Il nuovo piano prevede numeri di grande rilievo:

  • 150 milioni di euro di erogazioni complessive entro il 2028
  • 120 milioni di euro per il Fondo di stabilizzazione delle erogazioni
  • una dotazione patrimoniale in crescita fino a 1,1 miliardi di euro

Secondo Mannoni, l’obiettivo principale è garantire continuità e sostenibilità:

“Il nostro compito è tradurre la solidità patrimoniale in valore per le comunità. Un patrimonio che cresce ci consente di programmare con visione, di sostenere progetti credibili e di accompagnare territori che vogliono innovare senza perdere la propria identità”.

Il piano introduce inoltre quattro linee tematiche pluriennali – educazione, innovazione, cultura e sociale – pensate per generare impatti duraturi e misurabili. Queste linee si affiancheranno ai bandi annuali e alle iniziative in partnership con università, enti locali, terzo settore e imprese culturali e sociali.


Il punto di vista della Regione Sardegna

La presidente della Regione Alessandra Todde ha portato un contributo politico e strategico molto atteso, evidenziando la convergenza tra l’azione della Regione e quella della Fondazione.

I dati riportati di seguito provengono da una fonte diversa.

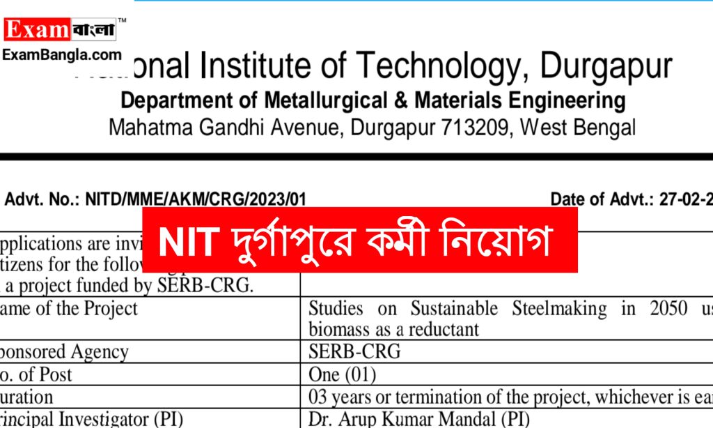 ন্যাশনাল ইনস্টিটিউট অফ টেকনোলজি (NIT) দুর্গাপুরে প্রজেক্ট অ্যাসিস্ট্যান্ট পদে কর্মী নিয়োগের বিজ্ঞপ্তি প্রকাশ করা হয়েছে। যেকোনো ভারতীয় নাগরিক অর্থাৎ পশ্চিমবঙ্গের যেকোনো জেলার প্রার্থীরা এখানে আবেদন করতে পারবেন। আবেদন পদ্ধতি শিক্ষাগত যোগ্যতা সহ বিস্তারিত জানতে নিচে রইলো আজকের এই প্রতিবেদন।

“Solo una collaborazione stabile tra Regione e Fondazione potrà affrontare fenomeni strutturali come la dispersione scolastica, la povertà educativa, le disuguaglianze territoriali. Dobbiamo lavorare insieme per restituire opportunità ai giovani, ai fragili e alle comunità interne”.

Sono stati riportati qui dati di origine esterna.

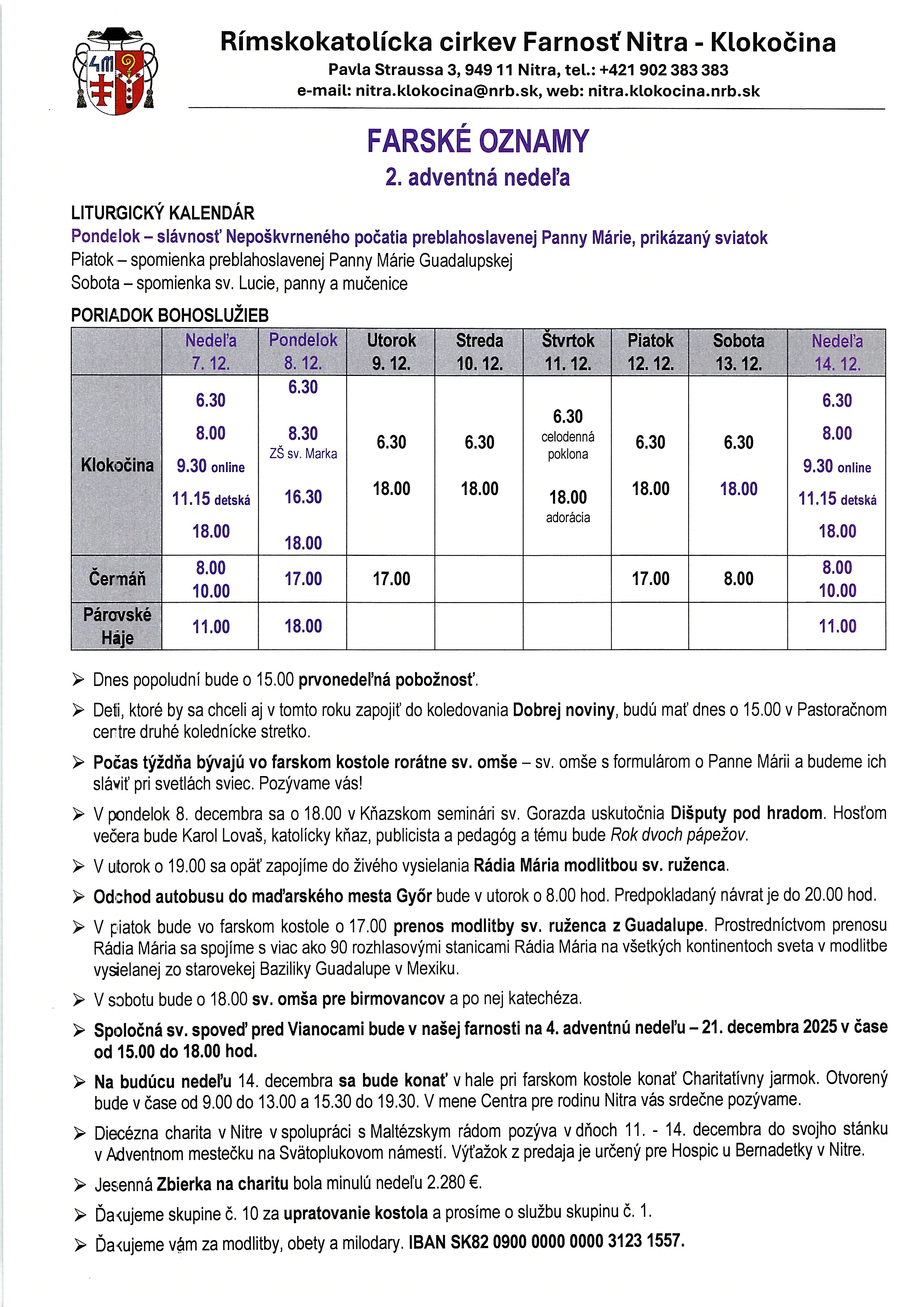 V piatok bude vo farskom kostole o 17.00 prenos modlitby sv. ruženca z Guadalupe. Prostredníctvom prenosu Rádia Mária sa spojíme s viac ako 90 rozhlasovými stanicami Rádia Mária na všetkých kontinentoch sveta v modlitbe vysielanej zo starovekej Baziliky Guadalupe v Mexiku.

Todde ha richiamato inoltre l’importanza dell’Einstein Telescope, grande progetto internazionale che potrebbe portare in Sardegna una nuova economia della ricerca, della scienza e dell’innovazione.

Durante il dialogo pubblico con Spissu, moderato da Luciano Tancredi, la presidente ha affrontato anche i temi della pianificazione energetica, della transizione ecologica e della necessità di un confronto pubblico informato, non ideologico.

“Serve equilibrio: dobbiamo proteggere il paesaggio ma al tempo stesso garantire energia pulita e accessibile. La qualità della vita e la competitività delle imprese dipendono da questo”.


Acri: innovazione e coesione sociale come missione delle fondazioni

Il presidente di Acri Giovanni Azzone ha portato una riflessione ampia sul ruolo nazionale delle fondazioni:

“Il tema delle connessioni è la nostra missione: rendere forti le comunità significa favorire insieme innovazione e coesione sociale. Non c’è progresso senza equità, e non c’è equità senza innovazione”.

Azzone ha richiamato anche l’urgenza di affrontare il fenomeno dei NEET, una delle fragilità più gravi del Paese:

“Le fondazioni possono essere un ponte tra scuole, terzo settore e imprese, creando percorsi di orientamento, formazione e inserimento lavorativo. Non possiamo permetterci di perdere una generazione”.


Musica e immagini per chiudere la prima giornata

La giornata inaugurale si è conclusa con una suggestiva performance del musicista Gavino Murgia, che ha mescolato suoni e immagini in un dialogo evocativo e multisensoriale, perfetto per sintetizzare l’anima del festival: un luogo di incontro, contaminazione e immaginazione condivisa.


Connessioni Future 2025: un festival che cresce

Con questa prima giornata, Connessioni Future 2025 ha confermato la propria identità di spazio pubblico di riflessione e di progettazione, aperto a tutte le componenti della società sarda.

Nei prossimi giorni il festival affronterà gli altri due poli fondamentali – educazione e cultura, innovazione – con workshop, masterclass, tavole rotonde e incontri aperti al pubblico.